To be sure that responses from all services are received, we use the concept of WaitGroups before processing. WaitGroup will block execution until all related goroutines are completed. Basically we can observe it as a counter, with an initial value that corresponds with the number of related goroutines. When goroutine is completed, it will decrease the counter value. When the counter reaches zero, all goroutines have finished their tasks and “normal” execution flow can continue.

Adapter Pattern and Go

The entry point for our system is the service which should be able to handle requests from multiple sources. Besides our direct approach, sources for some of these requests are various header bidding integrations. In the flow, each integration has some specific parts, but also the common part which is the same for all of them. We are addressing this issue by using concepts of interfaces and adapter design patterns to implement this (Figure 1).

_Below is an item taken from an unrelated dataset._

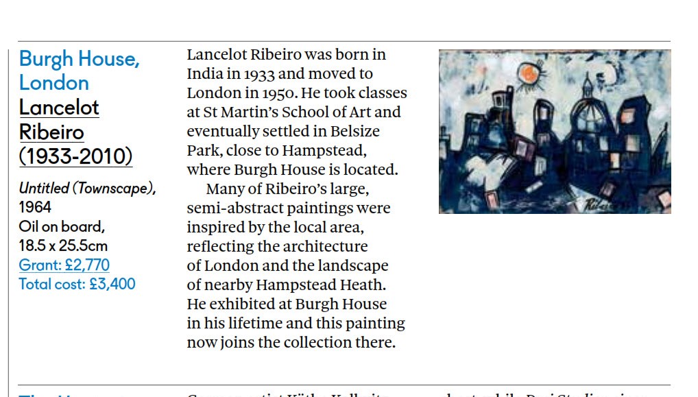 The Retracing Ribeiro project is held in London. It includes an exhibition at Hampstead’s Burgh House Museum, and events such as ‘Remembering Lancelot Ribeiro and other Indian artists in 1960s Britain’ at the British Museum and the Victoria & Albert Museum’s ‘Ribeiro: A Celebration of Life, Love and Passion’.

However, we go one step further.

Figure 1 – Implementation of adapter pattern


If we had one singular service, for all integrations, we would burden the service with a lot of traffic. We observed each adapter as a different microservice, and by adding build tags, we built an adapter specific image and deployed it as an independent service. This way we divided traffic and reduced the load.

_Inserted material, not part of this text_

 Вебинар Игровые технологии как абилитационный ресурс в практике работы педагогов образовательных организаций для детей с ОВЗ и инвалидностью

With different tags, we have a higher level of isolation for specific integrations. We can configure resources and scale up desired integrations separately. Integration with more traffic requires more resources and more running instances than the one with a low level of traffic. Additionally it is very convenient to find potential problems and errors with this implementation of the adapter pattern.

Monitoring with Go

Go supports (through third-party libraries) all popular monitoring toolkits. It is easy to integrate our service with a monitoring toolkit and use it to check metrics.

We use Prometheus, one of the most popular monitoring toolkits. With this, we can monitor standard metrics (like memory and CPU usage) or define custom ones. These metrics can be queried and visualised with Grafana (Figure 2):

Figure 2 – Metrics visualised with Grafana

In cases where a metric reaches a “problematic” value, we can trigger an alert and handle the problem as soon as possible. We use slack as the main channel of communication, so we have a dedicated alerting channel, where information, in the form of simple messages alert us in real-time. 


As we’ve seen in this article, one single thing cannot guarantee that our service will be highly available. Instead, we must combine multiple technologies and approaches. The Go native advantages that we presented here have made our lives much easier and our services faster and more efficient.

In closing, we’ll leave you with one simple piece of advice – follow best practices and always monitor.